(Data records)
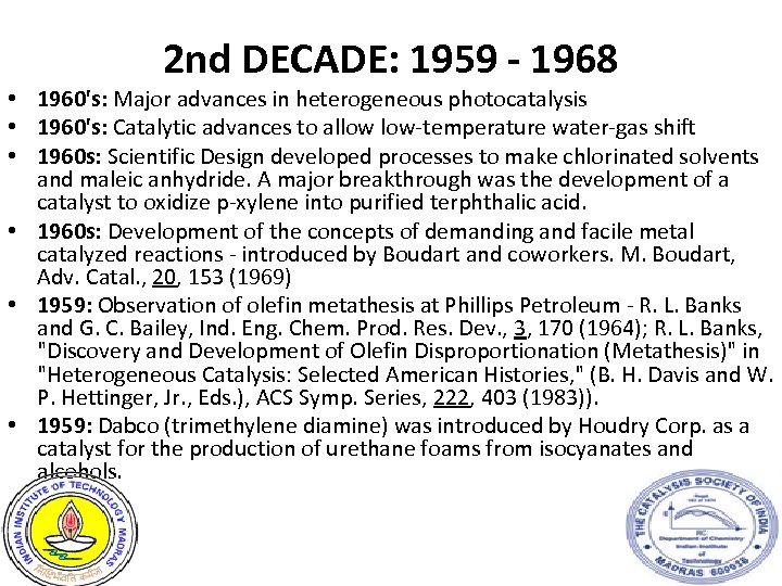 2 nd DECADE: 1959 - 1968 • 1960's: Major advances in heterogeneous photocatalysis • 1960's: Catalytic advances to allow low-temperature water-gas shift • 1960 s: Scientific Design developed processes to make chlorinated solvents and maleic anhydride. A major breakthrough was the development of a catalyst to oxidize p-xylene into purified terphthalic acid. • 1960 s: Development of the concepts of demanding and facile metal catalyzed reactions - introduced by Boudart and coworkers. M. Boudart, Adv. Catal. , 20, 153 (1969) • 1959: Observation of olefin metathesis at Phillips Petroleum - R. L. Banks and G. C. Bailey, Ind. Eng. Chem. Prod. Res. Dev. , 3, 170 (1964); R. L. Banks, "Discovery and Development of Olefin Disproportionation (Metathesis)" in "Heterogeneous Catalysis: Selected American Histories, " (B. H. Davis and W. P. Hettinger, Jr. , Eds. ), ACS Symp. Series, 222, 403 (1983)). • 1959: Dabco (trimethylene diamine) was introduced by Houdry Corp. as a catalyst for the production of urethane foams from isocyanates and alcohols.
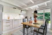 Hus-ID: C11596Du kan se frem til at holde en hyggelig og afslappende ferie på Vester Fælled 51 i Bork Havn. Dette sommerhus har nemlig en lys og venlig atmosfære, endda med brændeovn i køkken-alrummet og en god alkove i stuen. Og når du slikker sol på førstesalens altan, kan du ikke bare se ned på husets grønne baghave, men også nyde synet af Ringkøbing Fjord, der venter 300 meter væk.
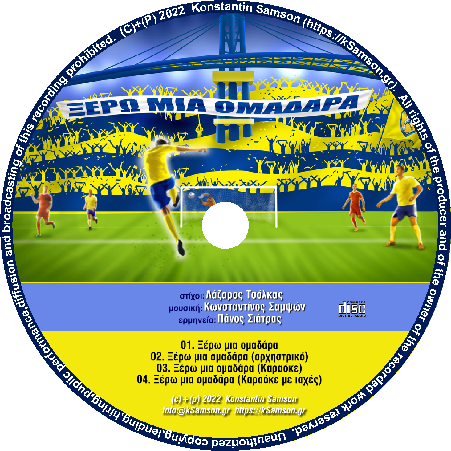 ΠΡΟΣΟΧΗ: Οι μουσικές συνθέσεις δεν διατίθεται για εμπορική χρήση ή άλλου είδους εκμετάλευση χωρίς την άδεια του Κωνσταντίνου Σαμψών. Σε περίπτωση χρήσης κάποιας μουσικής σύνθεσης σε ερασιτεχνικό βίντεο, αρκεί να αναφέρονται οι συντελεστές αυτής (τίτλος σύνθεσης, ερμηνευτής, συνθέτης, στιχουργός) στα στοιχεία των δημιουργών αυτού του βίντεο. Απαραιτήτως στην περίπτωση αυτή θα πρέπει να εμφανίζεται και ο τίτλος της παρούσας ιστοσελίδας (δηλ https://kSamson.gr)
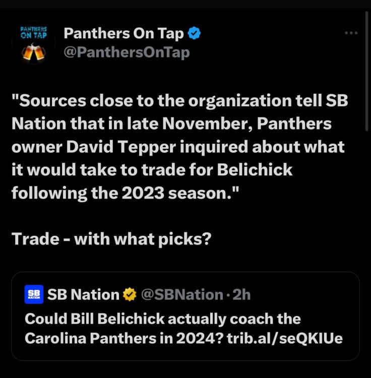 Still think Bill and his ego wants the all-time wins record and the only way I’d get on board with the hire is by first hiring a team President to oversee all football operations and a GM that will lead a new personnel department. Bill is welcome in Charlotte but solely as a head ball coach, he should not and cannot have full and complete roster control as he has currently in New England.
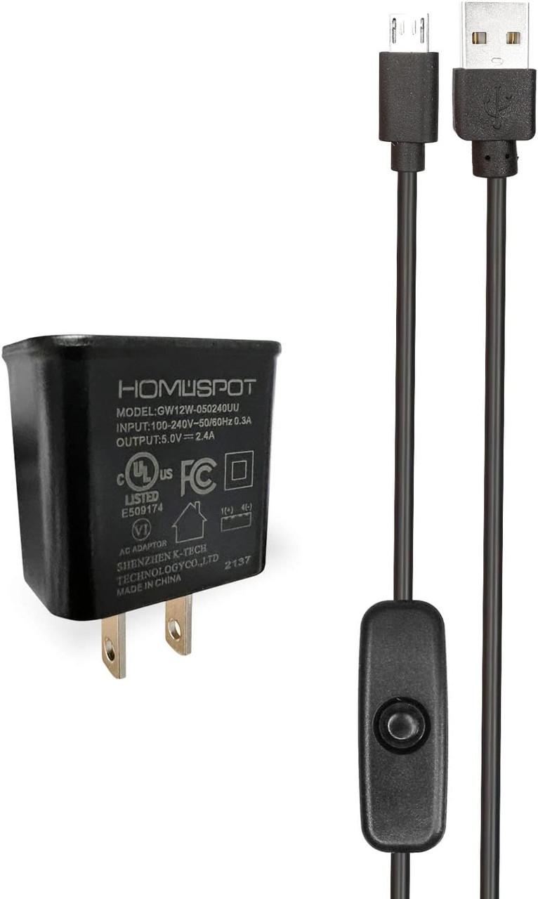 - HomeSpot 5V 2.4A Power Supply / Adapter / Charger (UL Listed) with 5ft Long Micro USB Cable with On Off Switch Button
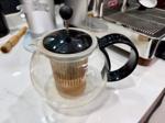 Pauline's teapot was really badly stained by tea :-) So I took the cleaning power which I use for my coffee equipment to clean it. Look how clean it is now.
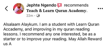 Welcome to Teach and Learn Quran academy! We are truly grateful for your interest. Our professional Quran trainers are committed to ensure your progress and guaranteed improvement in this journey.
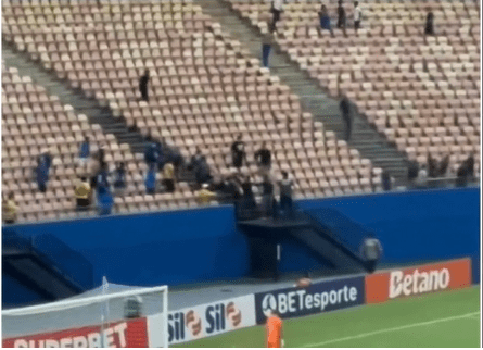 Os torcedores do Paysandu invadiram a arquibancada do Nacional e iniciaram uma briga generalizada na noite desta quinta-feira (09/04), durante partida na Arena da Amazônia, em Manaus. A confusão começou quando um grupo rompeu a área de isolamento e avançou contra os rivais, provocando correria e tensão nas arquibancadas.
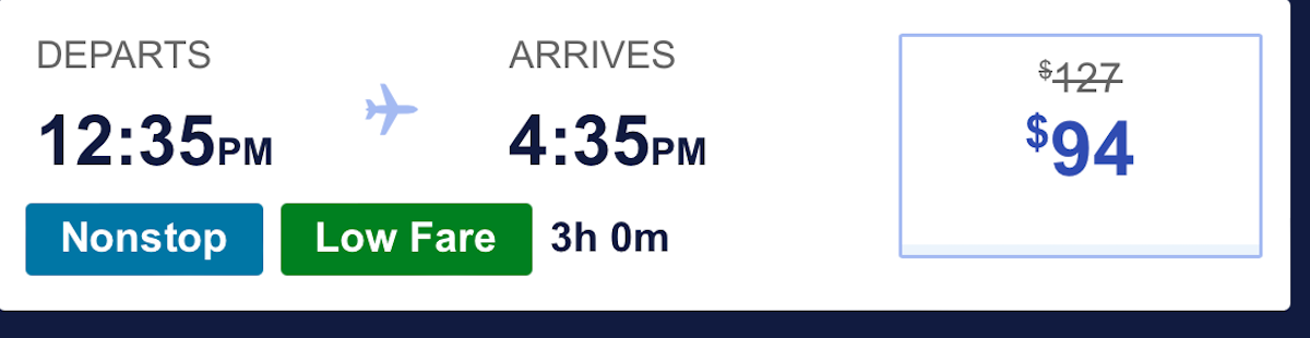 For instance, here's a one-way flight on a Saturday in August from Chicago's Midway International Airport (MDW) to Fort Lauderdale-Hollywood International Airport (FLL) for $94, discounted from $127 (a 25% savings).
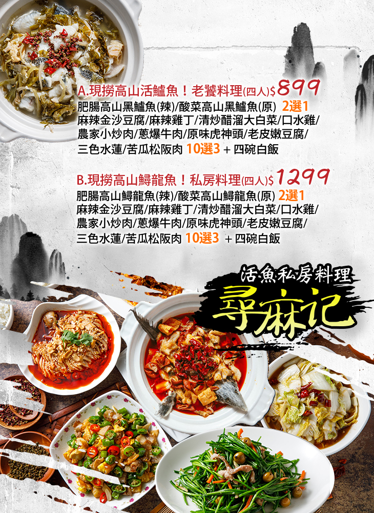肥腸高山鱘龍魚(辣)/酸菜高山鱘龍魚(原) 2選1 + 麻辣金沙豆腐/麻辣雞丁/清炒醋溜大白菜/口水雞/農家小炒肉/蔥爆牛肉/原味虎神頭/老皮嫩豆腐/三色水蓮/苦瓜松阪肉 10選3 + 白飯四碗
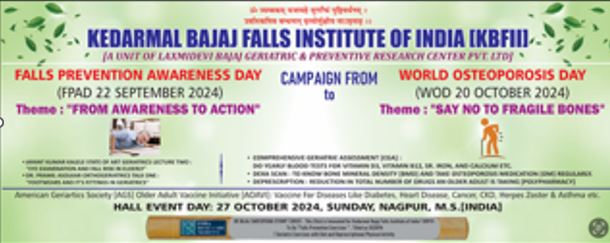 A town hall event was organized on 27 Oct 2024, Sunday, between 10 am and 1 pm . It featured 3 Scientific Talks and felicitations of Falls and Osteoporosis Enthusiasts. Around 100 older adults participated.
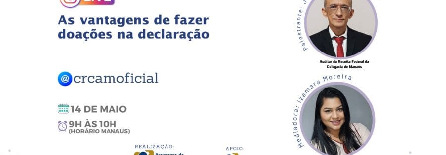 A iniciativa tem como objetivo esclarecer e orientar a melhor forma de fazer a doação e destacar as vantagens dessa ação. A live sera mediada pela contadora, empresária e secretária do PVCC, Izamara Moreira, como palestrante o auditor da Receita Federal da Delegacia de Manaus, Jansen de Lima Brito.
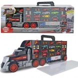 Nagy, fogantyúval ellátott teherautó-bőrönd az egyszerű hordozáshoz, amely gazdag játékszettet rejt – 7 fém kisautó, teherautó és helikopter. A kézi kilövő funkciónak a fülkéből köszönhetően a gyerekek egy pillanat alatt elindíthatják a versenyt. A masszív kivitel és a 62 cm-es hossz rengeteg szórakozást, valamint praktikus tárolást és rendszerezést biztosít a gyűjteménynek.
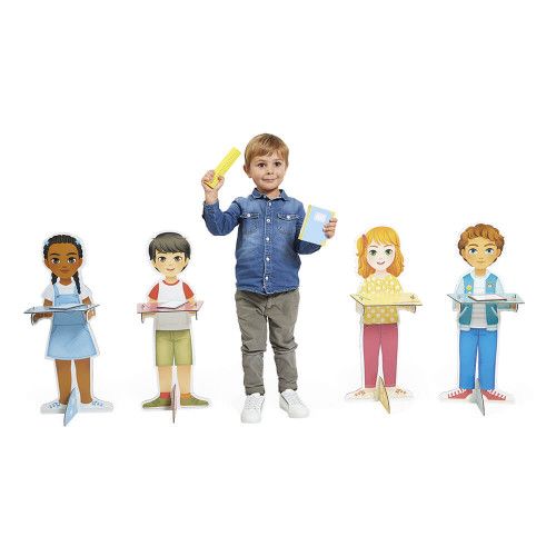 Shall we build robots? To the workbench we go! Children aged 3 years and up will love tinkering and experimenting on their wooden workbench, complete with numerous accessories. This children’s height-adjustable (work surface can be installed 33 or 50 cm from the floor) workbench is ideal for developing imagination, creativity and fine motor skills. It's also a great pretend play toy for those who want to tinker like adults! In total, more than 50 DIY accessories are included: 3 magnetic wooden tools (spanner, hammer, screwdriver), 7 gears, 9 wooden boards, 1 set of plastic hardware (8 screws, 8 nuts, 12 nails), 2 sticks of chalks and 1 brush. Draw or write in chalk on the body of our robot friend! For added realism, this construction game boasts a vice on the side and storage space at the feet: practical for storing all the pieces! The magnetic side of the workbench will make people happy as the tools are kept in place within easy reach. Another advantage to this magnetic workbench are the robot arms that your budding DIYer can assemble and articulate to bring the robot to life: a funny assistant or ambitious creation? What role will this robot play in your child's stories? The small robot on wheels, provided with the workbench, will most definitely become your little one’s best creation. It comprises 7 pieces and comes with a model card; an additional construction toy with a very funny face! But that's not all: for a more realistic grip, the screws are notched just like real ones! With its pretty colours and natural wood, this pretend play DIY toy will delight the whole family and provides a fun surface for children that is conducive to inventiveness. Height-adjustable feet, a whole host of accessories, magnetic tools and robots: introducing the dream workbench for curious little ones AND budding DIY enthusiasts! This large workbench is made from FSC™-certified wood. It is part of our collection of DIY pretend play toys: Brico'Kids.

**WHAT IS REQUIRED**
The data above holds the lines to copy: start at the one with "- HomeSpot 5V", stop at the one with "Welcome to Teach", include both, copy them exactly without pictures, and copy nothing else.

**RESPONSE AREA**
 - HomeSpot 5V 2.4A Power Supply / Adapter / Charger (UL Listed) with 5ft Long Micro USB Cable with On Off Switch Button
 Pauline's teapot was really badly stained by tea :-) So I took the cleaning power which I use for my coffee equipment to clean it. Look how clean it is now.
 Welcome to Teach and Learn Quran academy! We are truly grateful for your interest. Our professional Quran trainers are committed to ensure your progress and guaranteed improvement in this journey.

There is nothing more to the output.